* [WHAT THE TASK REQUIRES]
When you return the material, keep every line exactly as it is and omit the pictures.

* [DATA SHOWN]
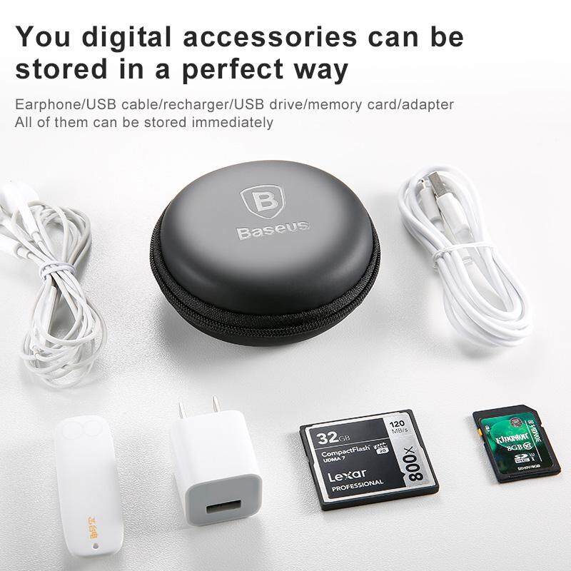 Baseus Portable Earphones Earbuds Carrying Bag Case Memory Card USB Cable Waterproof Organizer Box
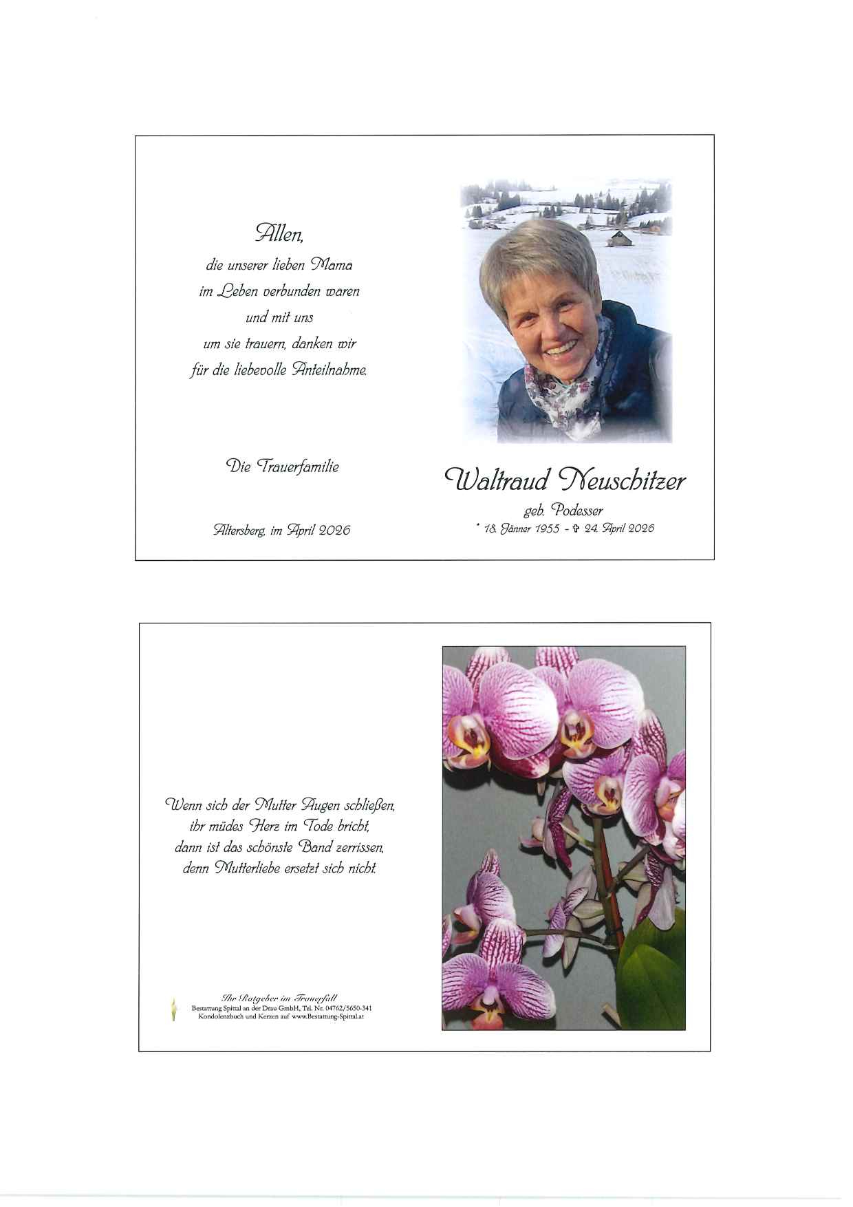 Bestattung wurde durchgeführt von: Gerald Baumgartner/Franz Kramaritsch/Sylvia Wippl Gerald Baumgartner/Franz Kramaritsch/Sylvia Wippl Städtische Bestattungsanstalt Spittal an der Drau Edlinger Straße 55 9800 - Spittal an der Drau Tel.: 04762 5650341 zum Bestatter
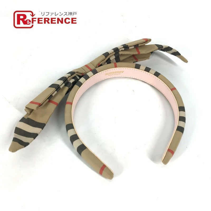 【未使用】バーバリー 薄茶色 BURBERRY バーバリー チェック リボン ヘアアクセサリー ヘアバンド ヘッドバンド カチューシャ キャンバス レディース ベージュ 未使用 【中古】
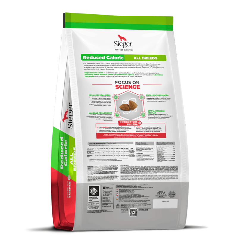 El Alimento Sieger Light está pensado para los perros con tendencia al sobrepeso o inactividad. Su fórmula aporta un porcentaje alto de proteínas y fibras y bajo en calorías y grasas para que los perros tengan un descenso de peso saludable. La inclusión de L-Carnitina, que facilita que las grasas puedan ser transformadas en energía y así eliminarse, favorece el proceso de pérdida de peso.

* [WRITTEN RESPONSE]
 Baseus Portable Earphones Earbuds Carrying Bag Case Memory Card USB Cable Waterproof Organizer Box
 Bestattung wurde durchgeführt von: Gerald Baumgartner/Franz Kramaritsch/Sylvia Wippl Gerald Baumgartner/Franz Kramaritsch/Sylvia Wippl Städtische Bestattungsanstalt Spittal an der Drau Edlinger Straße 55 9800 - Spittal an der Drau Tel.: 04762 5650341 zum Bestatter
 【未使用】バーバリー 薄茶色 BURBERRY バーバリー チェック リボン ヘアアクセサリー ヘアバンド ヘッドバンド カチューシャ キャンバス レディース ベージュ 未使用 【中古】
 El Alimento Sieger Light está pensado para los perros con tendencia al sobrepeso o inactividad. Su fórmula aporta un porcentaje alto de proteínas y fibras y bajo en calorías y grasas para que los perros tengan un descenso de peso saludable. La inclusión de L-Carnitina, que facilita que las grasas puedan ser transformadas en energía y así eliminarse, favorece el proceso de pérdida de peso.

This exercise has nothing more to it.